Let 𝑋 and 𝑌 be independent random variables, uniformly distributed on [0,1]. Let 𝑈=min{𝑋,𝑌} and 𝑉=max{𝑋,𝑌}. Let 𝑎=𝐄[𝑈𝑉] and 𝑏=𝐄[𝑉].
1. Find 𝑎. 2. Find 𝑏. 3. Find Cov(𝑈,𝑉).
You can give either a numerical answer or a symbolic expression involving 𝑎 and 𝑏. (There are many possible equivalent answers.)
1. 1/4
2. 1/2
3. 0
To find 𝑎 and 𝑏, we need to first find the joint probability density function (PDF) of 𝑋 and 𝑌, and then use it to calculate the expectations 𝐄[𝑈𝑉] and 𝐄[𝑉]. Finally, we can find the covariance Cov(𝑈,𝑉).
1. 𝐄[𝑈𝑉]:
To find 𝐄[𝑈𝑉], we need to find the joint PDF of 𝑈 and 𝑉, and then integrate their product over the appropriate range.
Since 𝑋 and 𝑌 are independent and uniformly distributed on [0,1], their joint PDF is given by:
𝑓(𝑋,𝑌) = 𝑓(𝑋) × 𝑓(𝑌) = 1 × 1 = 1, for 0 ≤ 𝑋 ≤ 1 and 0 ≤ 𝑌 ≤ 1.
Now we can express 𝑈 and 𝑉 in terms of 𝑋 and 𝑌:
𝑈 = min{𝑋,𝑌}, so 𝑈 = 𝑋 when 𝑋 ≤ 𝑌, and 𝑈 = 𝑌 when 𝑌 < 𝑋.
𝑉 = max{𝑋,𝑌}, so 𝑉 = 𝑋 when 𝑋 ≥ 𝑌, and 𝑉 = 𝑌 when 𝑌 ≥ 𝑋.

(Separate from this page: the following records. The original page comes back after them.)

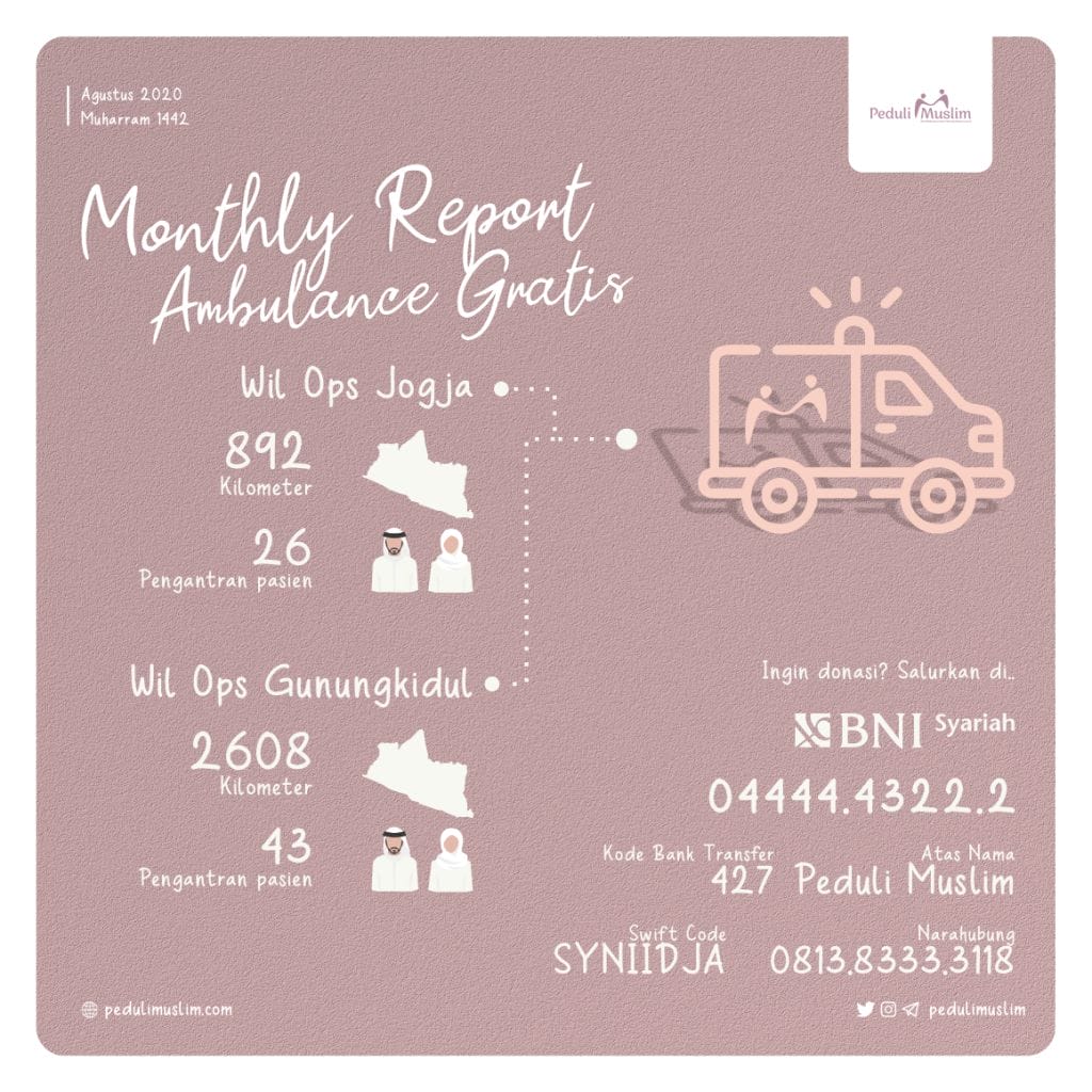 Berikut kami terbitkan infografis program harian layanan ambulance gratis Peduli Muslim. Terbagi menjadi dua Wil Ops (Wilayah Operasi)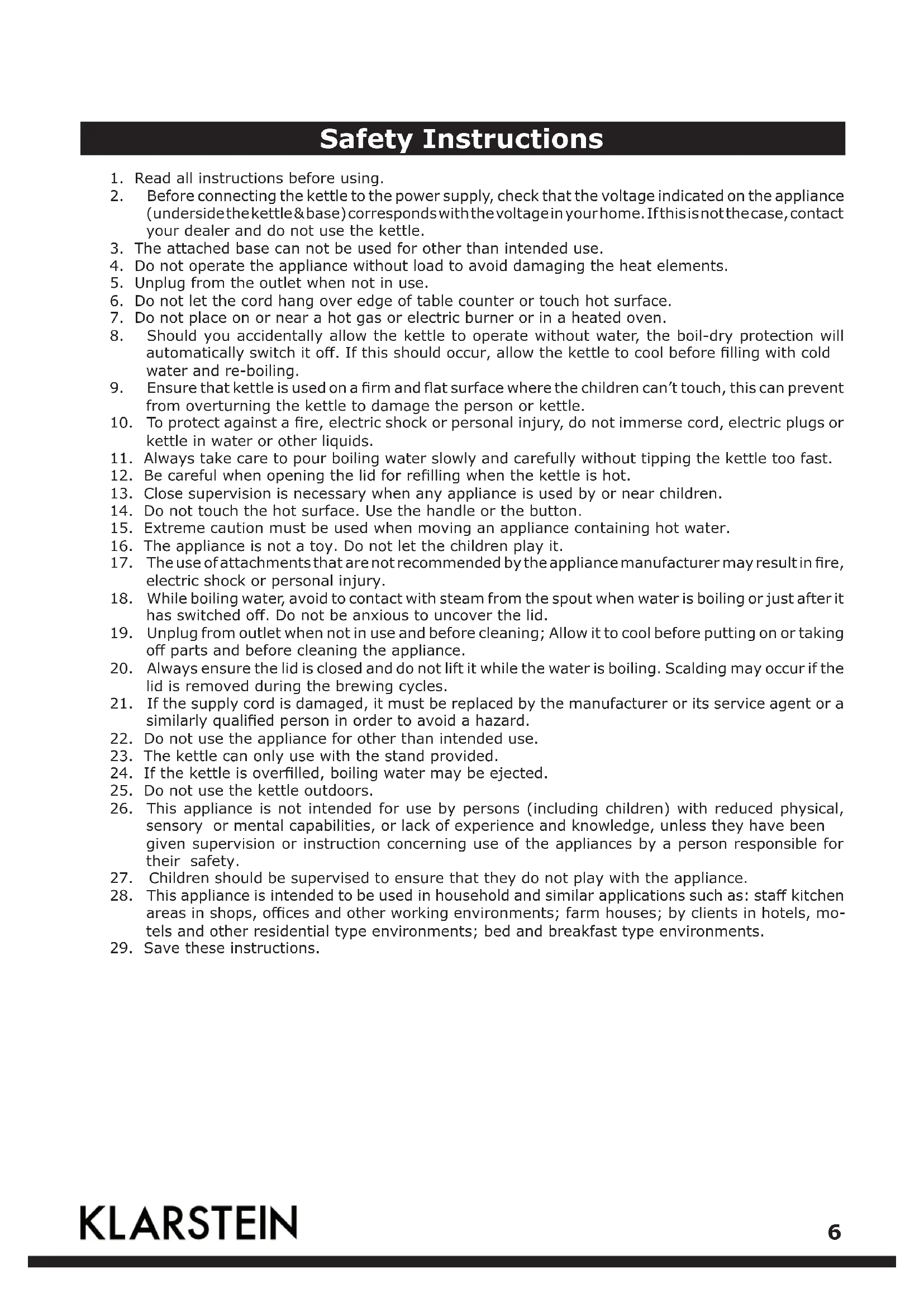 29. Save these instructions.Kettle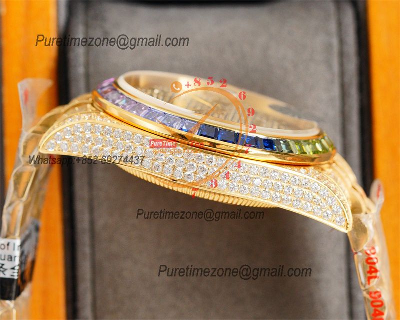Datejust A2824 Automatic Mens Watch Best Edition RRF 41 TTYG Rainbow Diamond Bezel Color Arabic Dial 904L Steel Bracelet $900.00 $750.00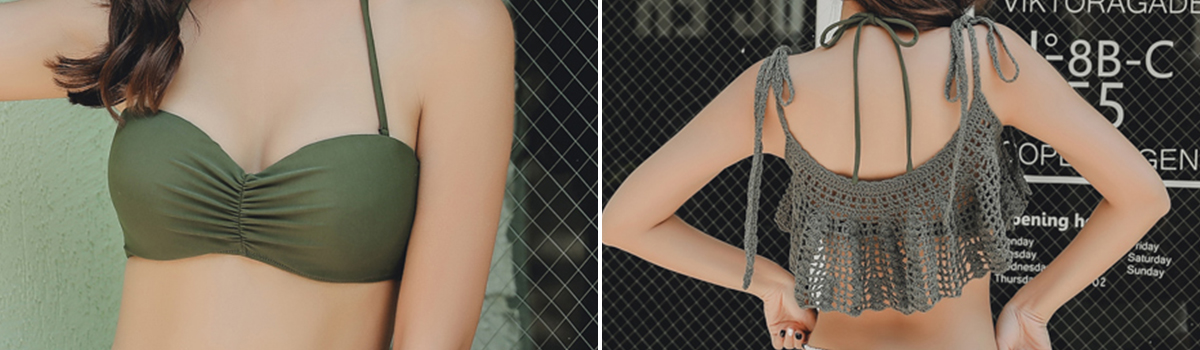 どんな場面でも輝きたい方にぴったりのクロシェキャミで差をつけるビキニ3点セット。この夏、自分を一番輝かせてくれるアイテムとして是非お試しください。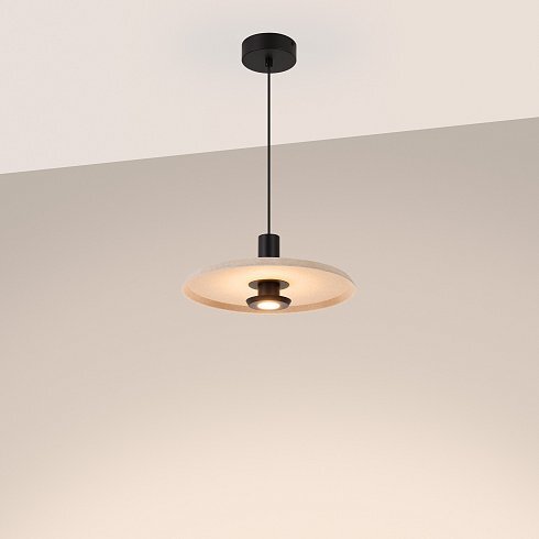 Подвесной светильник. Мощность 12 Вт, св. поток 708 лм, 59 лм/Вт, теплый 3000 K, CRI>94, угол 36°, напряжение питания 230 В. Бежевый фигурный корпус из переработанного фетра с бежевой внутренней поверхностью, линза-рассеиватель из PMMA, степень защиты IP20. Размер: диаметр 350 мм, высота 145 мм. Монтаж подвесной, длина подвеса 2000 мм, регулируемая. В комплекте 2 вида чаш. Габариты чаши (встраиваемая) Ø80 х 23 мм, врезное отверстие Ø60 мм. Габариты чаши (накладная) Ø120 x 35 мм. Драйвер 59 В, 300 мА, пульсация <1%. Управление по TRIAC.

We need to consider these cases separately:
Case 1: When 𝑋 ≤ 𝑌
In this case, 𝑈 = 𝑋, 𝑉 = 𝑌, and their joint PDF is:
𝑓(𝑈,𝑉) = 𝑓(𝑋) × 𝑓(𝑌) = 1, for 0 ≤ 𝑋 ≤ 𝑌 ≤ 1.
Now let's calculate 𝐄[𝑈𝑉]:
𝐄[𝑈𝑉] = ∫∫(𝑈𝑉) × 𝑓(𝑈,𝑉)𝑑𝑈𝑑𝑉
= ∫∫(𝑋𝑌) × 1 𝑑𝑋𝑑𝑌
= ∫[0,1] ∫[𝑋,1] (𝑋𝑌) 𝑑𝑌𝑑𝑋
Integrating this double integral will give us the value of 𝑎.
2. 𝐄[𝑉]:
To find 𝐄[𝑉], we need to find the marginal PDF of 𝑉 and then calculate the expectation using this PDF.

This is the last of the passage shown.